如果要加个定义,人脸识别又叫做人像识别、面部识别,是一种通过用摄像机或摄像头采集含有人脸的图像或视频流,并自动在图像中检测和跟踪人脸,进而对检测到的人脸进行脸部的一系列相关技术。

我的十行代码程序

OK,长话短说,先上 干货 ,下面就是此程序的_带注释_ 版本,完整的程序以及相关配套文件可以在 这个github库 https://github.com/CloudsDocker/pyFacialRecognition 中找到,有兴趣可以_fork_ 下来玩玩。下面是整个程序的代码样子,后面我会逐行去解释分析。

就这短短的十行代码代码?seriously?“有图有真相”,我们先来看下运行的效果:

首先是原始的图片

运行程序后识别出面部并高亮显示的结果

请注意 K歌二人组 的脸上的红色框框,这就是上面十行代码的成果。

代码解析

准备工作

因为此程序使用是的Python,因此你需要去安装Python。这里就不赘述了。除此之外,还需要安装 OpenCV (http://opencv.org/downloads.html)。 多说一句,这个 OpenCV正如其名,是一个开源的机器识别的深度学习框架。这是Intel(英特尔)实验室里的一个俄罗斯团队创造的,目前在开源社区非常的活跃。
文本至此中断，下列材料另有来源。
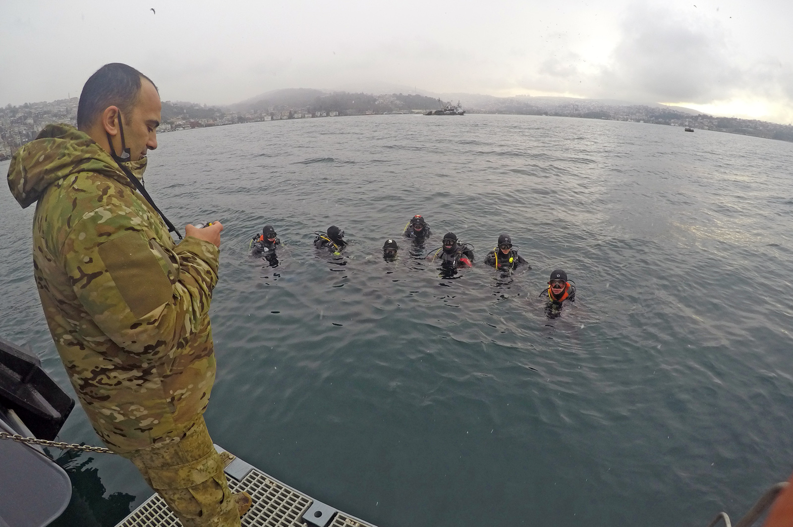İzmir İtfaiye Su Altı ve Su Üstü Arama Kurtarma Birimi dalgıçları, Deniz Kuvvetleri Komutanlığı'na bağlı Kurtarma ve Su altı Komutanlığı "Kurbağa Adam" kursuna katıldılar.

特别提一下,对于Mac的用户,推荐使用brew去安装 (下面第一条语句可能会执行报错,我当时也是搞了好久。如果遇到第一条命令不过可以通过文尾的方式联系作者)

brew tap homebrew/science
brew install opencv

安装完成之后,在python的命令行中输入如下代码验证,如果没有报错就说明安装好了。

>>> import cv2

程序代码“庖丁解牛”

# -*- coding: utf-8 -*-
import cv2,sys
  • 由于这里注释及窗口标题中使用了中文,因此加上utf-8字符集的支持
  • 引入Opencv库以及Python的sys内建库,用于解析输入的图片参数
inputImageFile=sys.argv[1]
  • 在运行程序时将需要测试的照片文件名作为一个参数传进来
faceClassifier=cv2.CascadeClassifier('haarcascade_frontalface_default.xml')
  • 加载OpenCV中自带预先培训好的人脸识别层级分类器 HAAR Casscade Classifier,这个会用来对我们输入的图片进行人脸判断。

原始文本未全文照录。